## Problem
Transcribe the entries exactly. Start at the top, stop after the line with "বেনাপোল প্রতিনিধি:: ইসলামী", and omit every picture.

---------- Entries supplied ----------

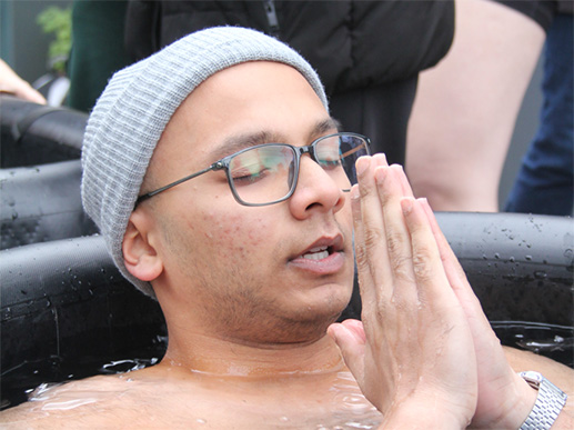 “The experience was exhilarating for me,” he said. “As I went into the water, I was immediately humbled - it was cold, so many times more than the cold showers... as the cold settled into my body and reached a point of no return, I gave in and lay my head back on the tube. It was peaceful and poetic to find some comfort in immense discomfort.”
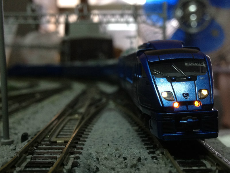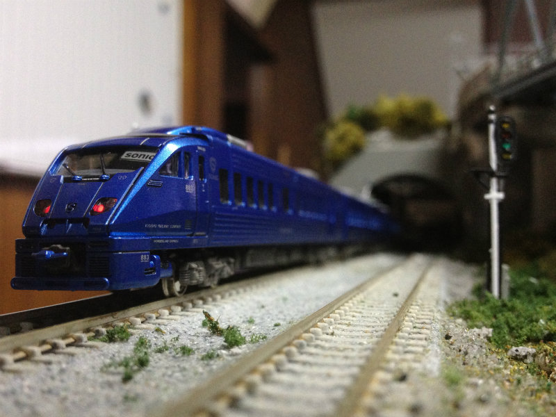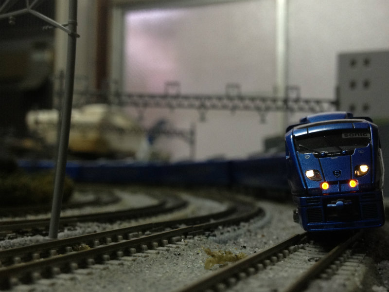 駅に入線する「ソニック」。深い青の車体が非常にきれいです。
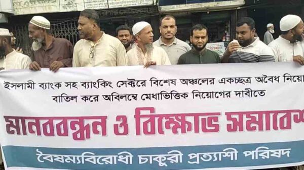 বেনাপোল প্রতিনিধি:: ইসলামী ব্যাংকসহ দেশের সকল ব্যাংকিং খাতে এস আলম গ্রুপের ‘অবৈধ নিয়োগ ও একচ্ছত্র দখলদারিত্ব’ বাতিলের দাবিতে মানববন্ধন করেছে বেনাপোল ইসলামী ব্যাংক গ্রাহক ফোরাম ও বৈষম্যবিরোধী চাকুরী প্রত্যাশীরা। সোমবার
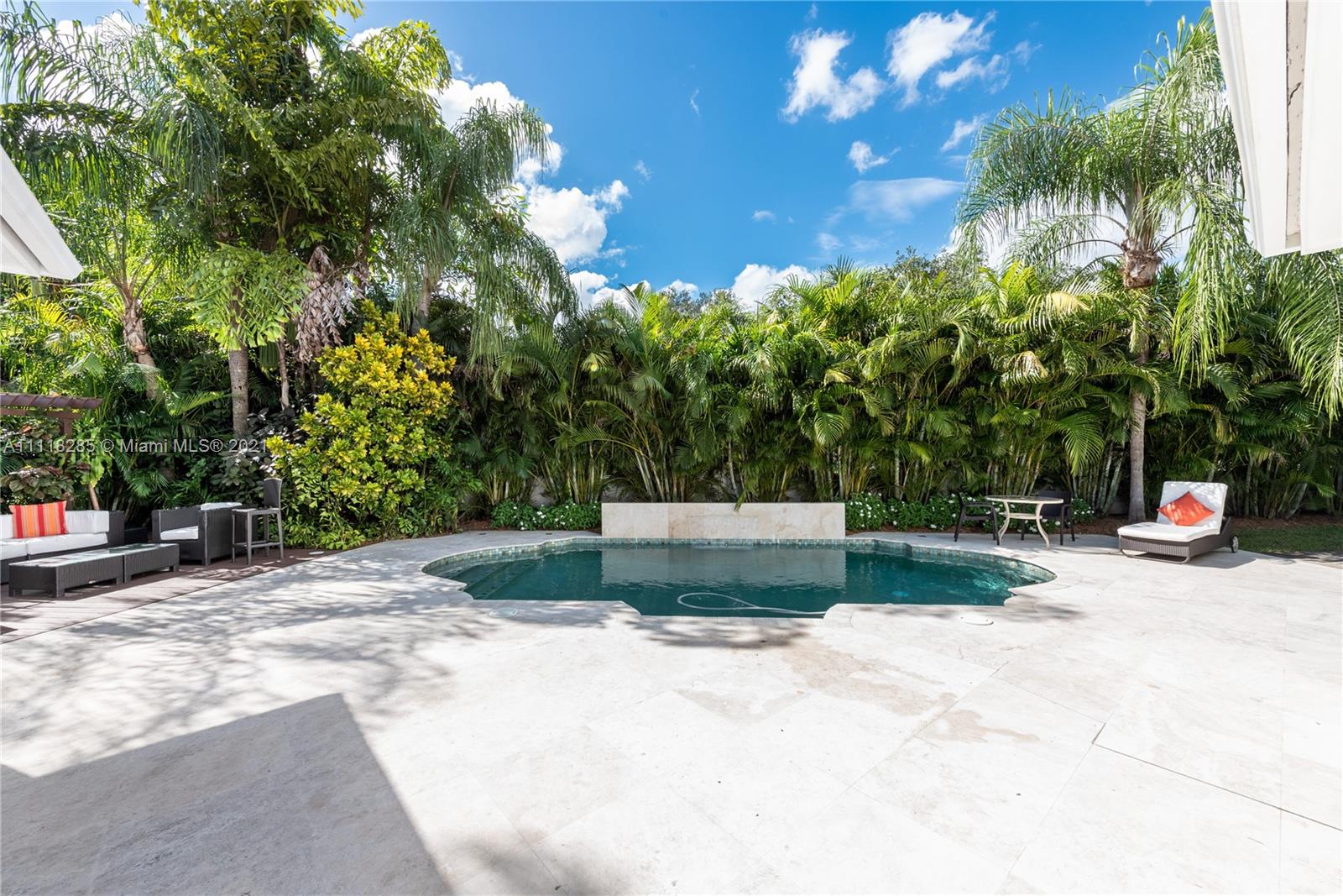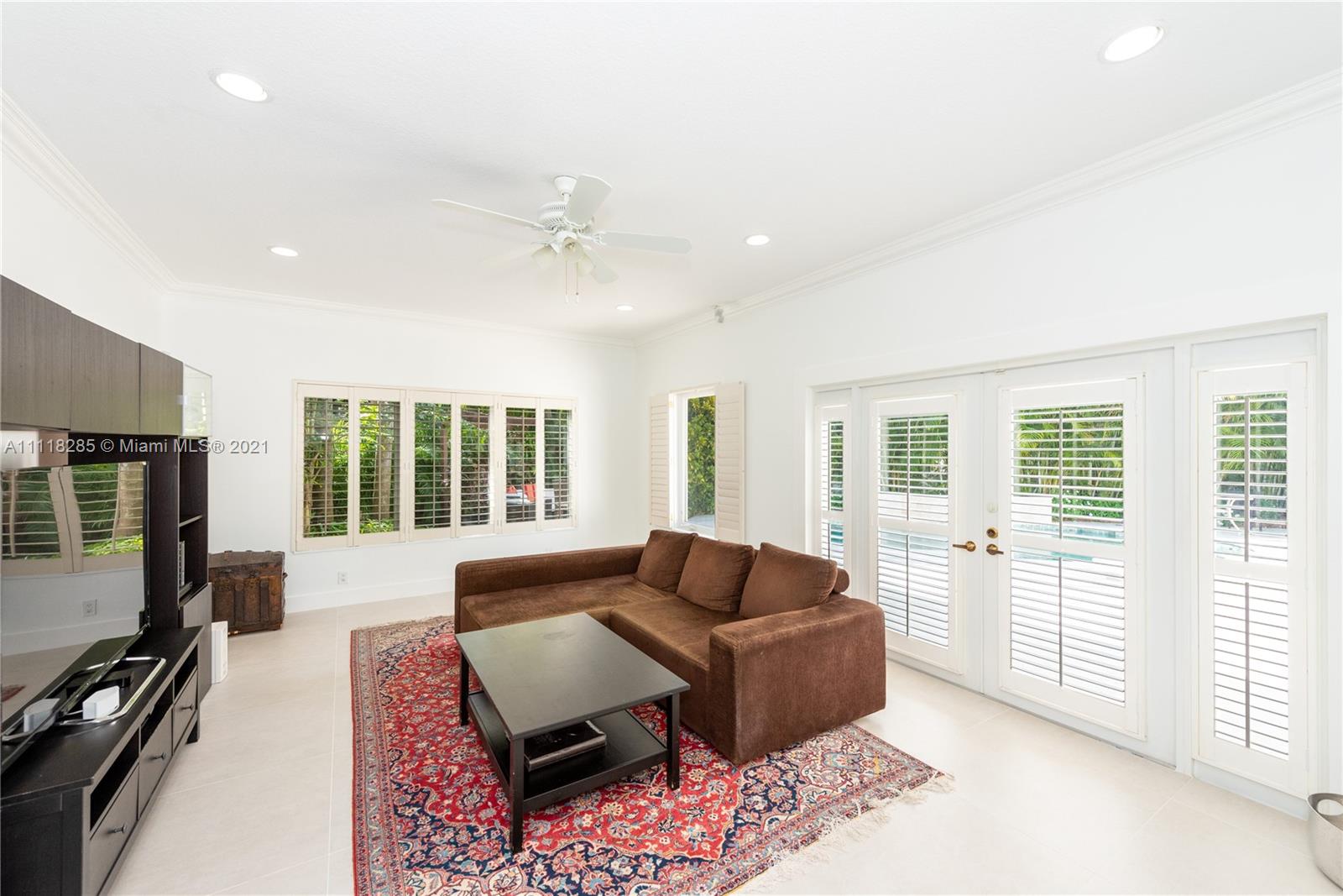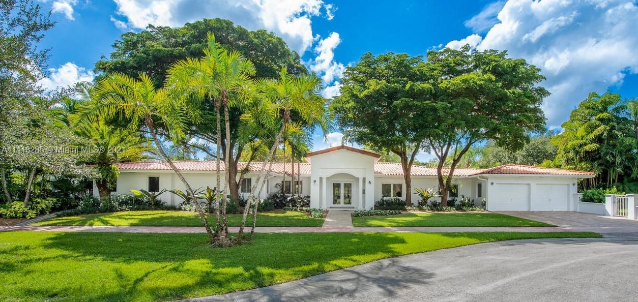 Stunning new listing on historic Country Club Prado. Enlarged in 1995 by Ramon Pacheco this five-bedroom, four-bath home has over 3800 adj. sq. ft. and sits at the end of a cul de sac (near the corner of Red Road and Coral Way) on a large lot with generous parking space for major entertaining. Double front doors to foyer. Living beyond with all family bedrooms off the hall to the left. French doors from Fam. Rm open to the spacious pool/patio. Formal DR. New kitchen with breakfast area. Laundry room. Oversized two-car garage. There is also a maid's room and a full bath. Large office/game room off LR. Huge master suite with separate desk area, walk-in closet, gorgeous new bath. Home would be good as a consulate because of its floor plan/abundant parking... Light, bright, and move-in ready.
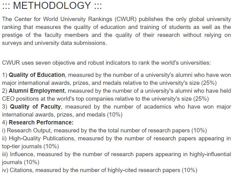 CWUR在不依赖调查和提交的大学数据的情况下,根据七个因素对大学进行排名:教学质量、校友就业、师资质量、研究成果、高质量出版物、影响力和引文。
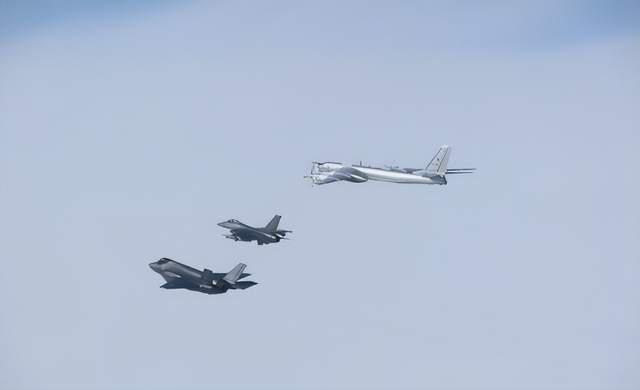 【美军 F-16、F-35" 伴飞 " 俄军图 -95】
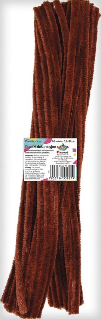Druciki kreatywne, kolor: brązowe, długość: 30 cm, szerokość: 0,6 cm. 50 sztuk.
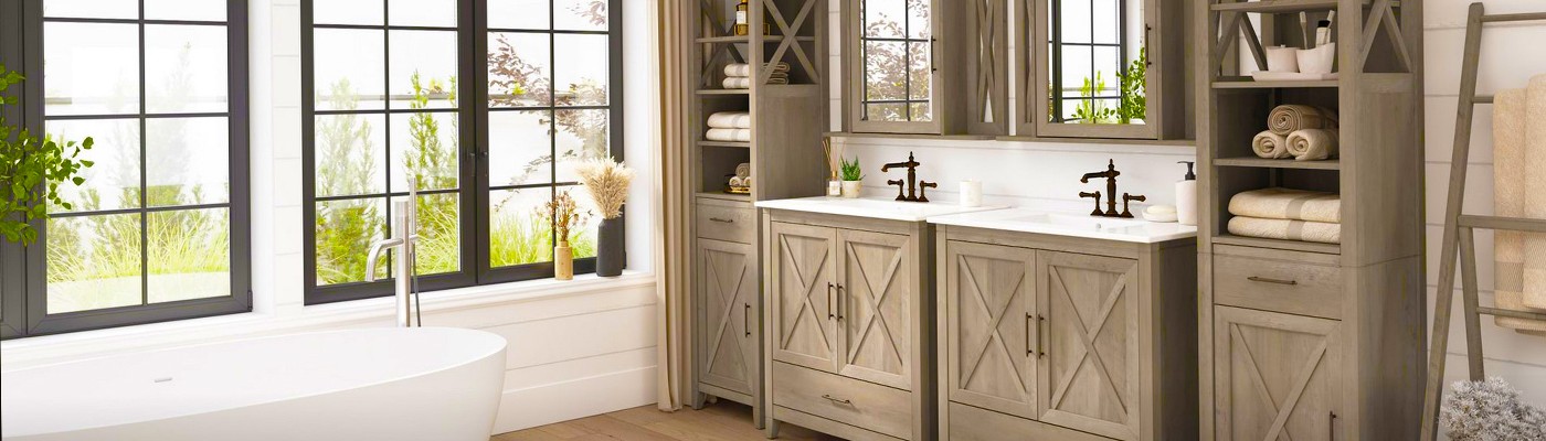 BATHROOM CABINET SET WITH MIRROR HIGH CABINET

----------

## Solution to this problem
 “The experience was exhilarating for me,” he said. “As I went into the water, I was immediately humbled - it was cold, so many times more than the cold showers... as the cold settled into my body and reached a point of no return, I gave in and lay my head back on the tube. It was peaceful and poetic to find some comfort in immense discomfort.”
 駅に入線する「ソニック」。深い青の車体が非常にきれいです。
 বেনাপোল প্রতিনিধি:: ইসলামী ব্যাংকসহ দেশের সকল ব্যাংকিং খাতে এস আলম গ্রুপের ‘অবৈধ নিয়োগ ও একচ্ছত্র দখলদারিত্ব’ বাতিলের দাবিতে মানববন্ধন করেছে বেনাপোল ইসলামী ব্যাংক গ্রাহক ফোরাম ও বৈষম্যবিরোধী চাকুরী প্রত্যাশীরা। সোমবার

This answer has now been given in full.